Sur les onze indicateurs de qualité de prescription de l’Assurance Maladie, 5 portent sur la prescription de médicaments génériques, et les autres portent plus ou moins sur la reconduction systématique des ordonnances. L’autre indicateur est la conséquence directe de ce qui précède, il s’agit du montant moyen prescrit.

Cette étude nous montre donc tout simplement que les médecins les plus âgés prescrivent moins de génériques, et ont plus de difficultés à interrompre une prescription.
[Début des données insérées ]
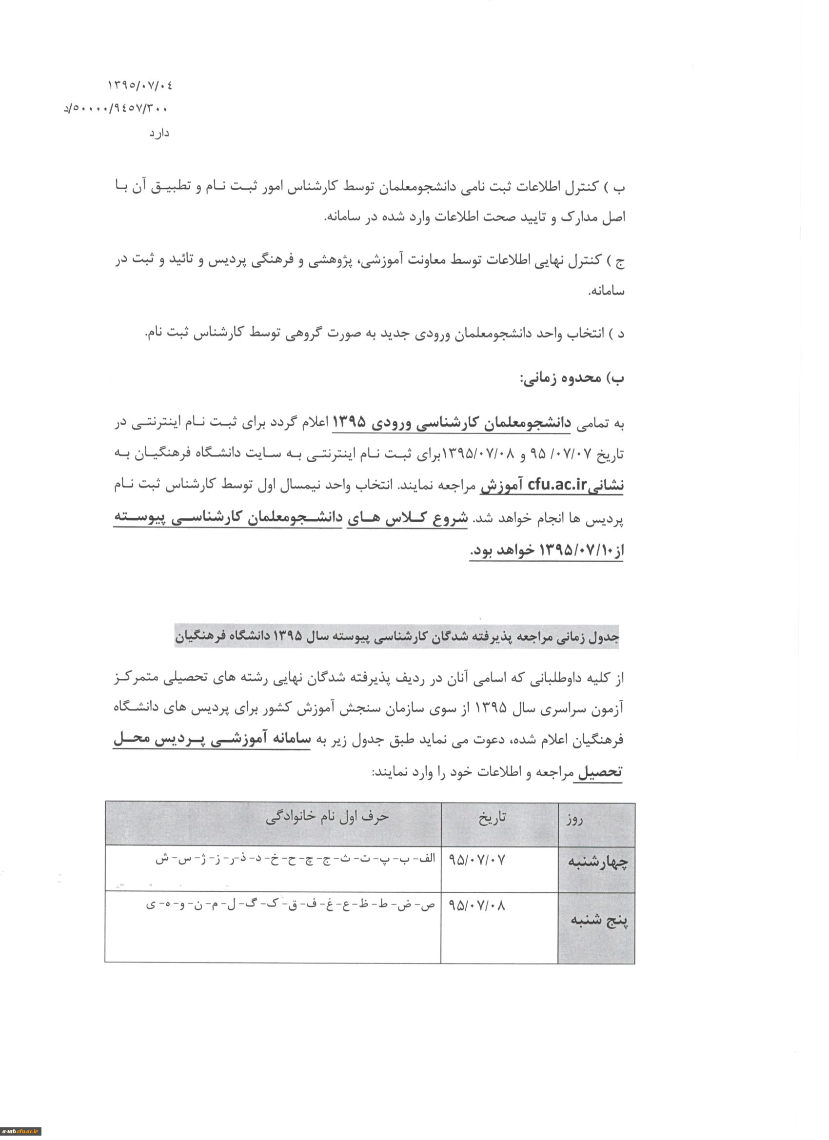 اطلاعیه ی شرایط و ضوابط ثبت نام پذیرفته شدگان آزمون سراسری کارشناسی پیوسته سال 1395 3
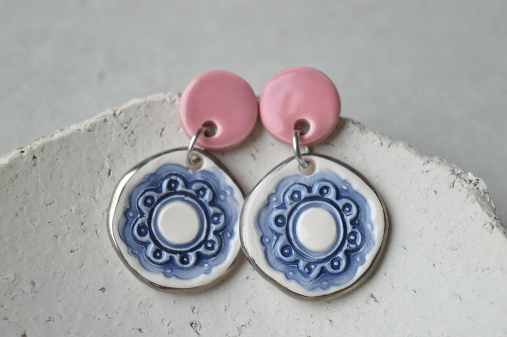 A pair of handmade ceramic drop earrings with impressed pattern, painted with watercolour technique, and platinum lustre rim. Modern organic shape. Comfortable and lightweight to wear.
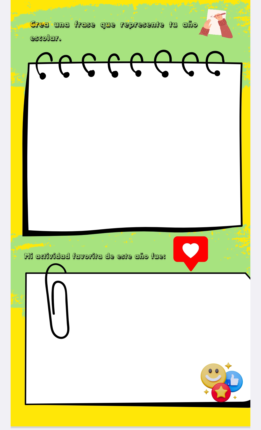 Hola querida comunidad! En esta oportunidad quiero compartir un PDF con actividades para cerrar el año, contiene por ejemplo pegar fotografía con persona especial 2023, crear una frase, crear una carta de despedida para este año, escribir que fue lo mejor de este año, entre otros!
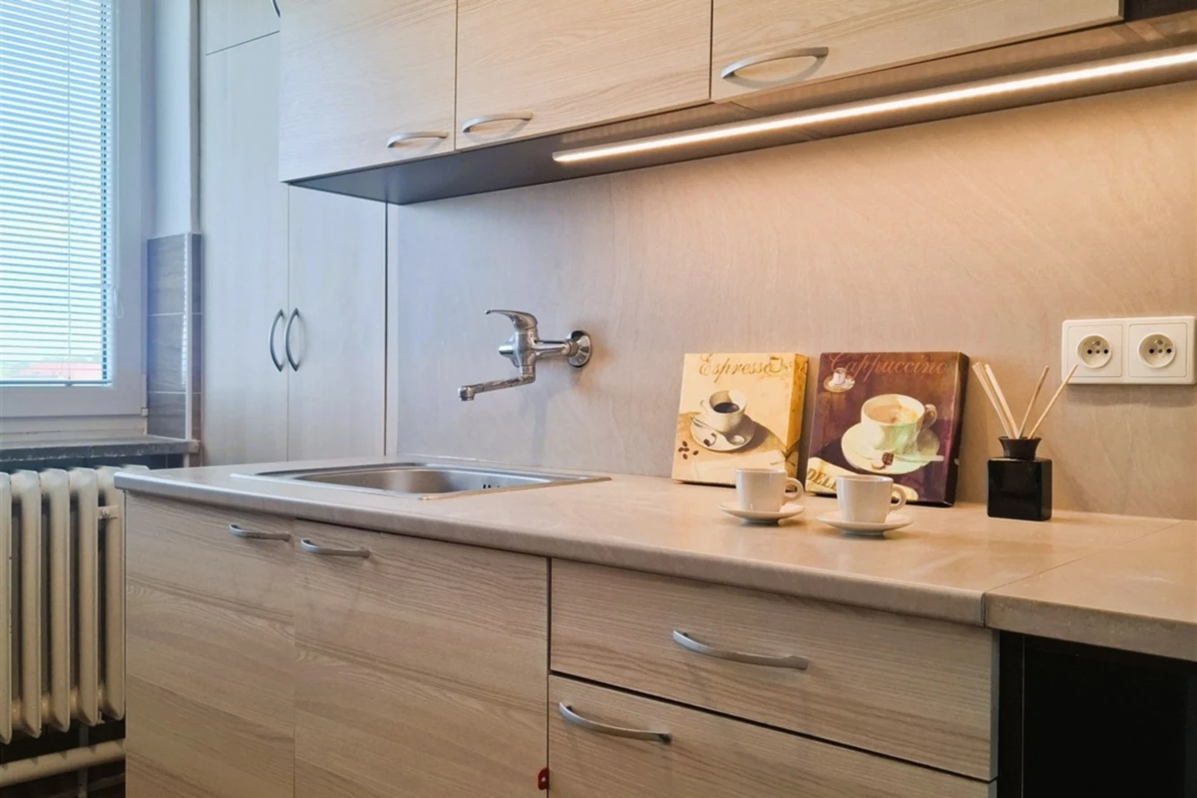 Vytápění je řešeno elektrickým kotlem, ohřev vody zajišťuje bojler. Měsíční náklady na provoz bytu jsou velmi příznivé – přibližně 4 000 Kč.
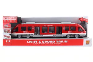 Plastový vlak na batérie. Vlak vydáva zvuky a svieti.
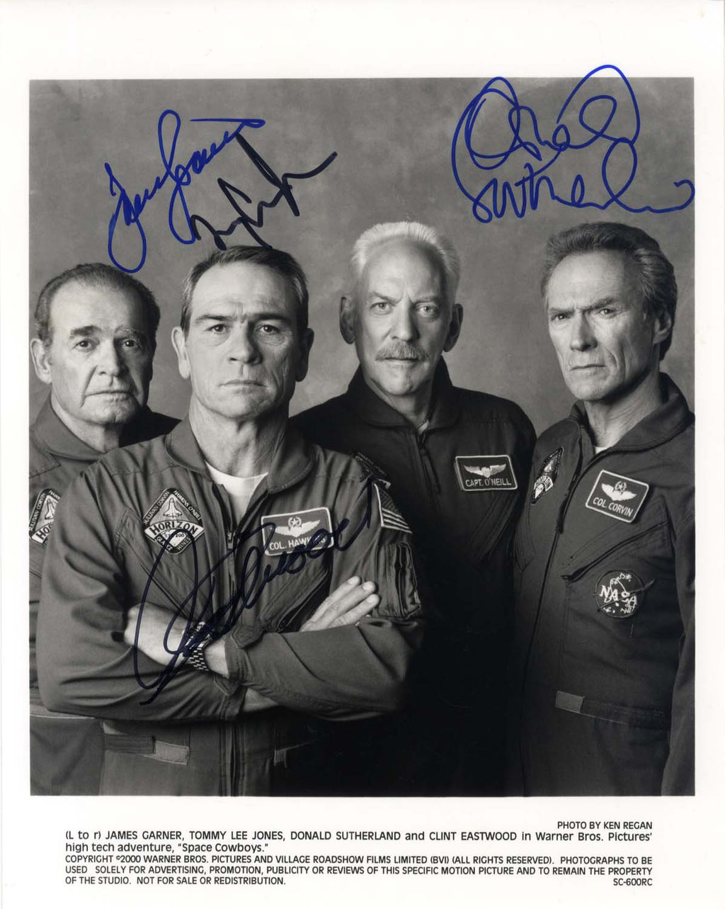 IP signed publicity photograph, shows Clint Eastwood, Donald Sutherland, Tommy Lee Jones, and James Garner in a group picture for the adventure drama film `Space Cowboys` (2000), 8 x 10 inch, obtained In-Person, signed by all four actors & black in blue felt tip, in very fine condition.

Ces faits étaient déjà connus, mais sont bien éloignés de l’idée que des médecins seraient corrompus par l’industrie pharmaceutique.

L’étude indique clairement que l’état de santé des patients n’a pas pu être pris en compte, et qu’aucun lien de causalité ne peut être déduit de l’association statistique retrouvée.

De plus, le contenu de la base de transparence doit être interprété avec précautions.

Ainsi, par exemple, lorsqu’un médecin participe bénévolement à une journée de travail scientifique le weekend, mais que son billet de train est payé par le laboratoire organisateur, le billet de train est considéré comme un « avantage ». À cet égard le terme de « gift » employé dans l’article est assurément malhonnête. Le montant trouvé dans cette base est dans certains cas le simple reflet d’un engagement bénévole pour la collectivité. En revanche, lorsqu’un individu est en relation douteuse avec un laboratoire, la simple transaction via une association loi 1901 suffit à masquer totalement sa rémunération.

Au final, cette base est plus un traceur de l’implication pour la collectivité que de la prétendue corruption d’une profession. On peut regretter cependant qu’un tel outil n’existe pas pour certaines autres professions, comme, par exemple, les journalistes, ou nos élus.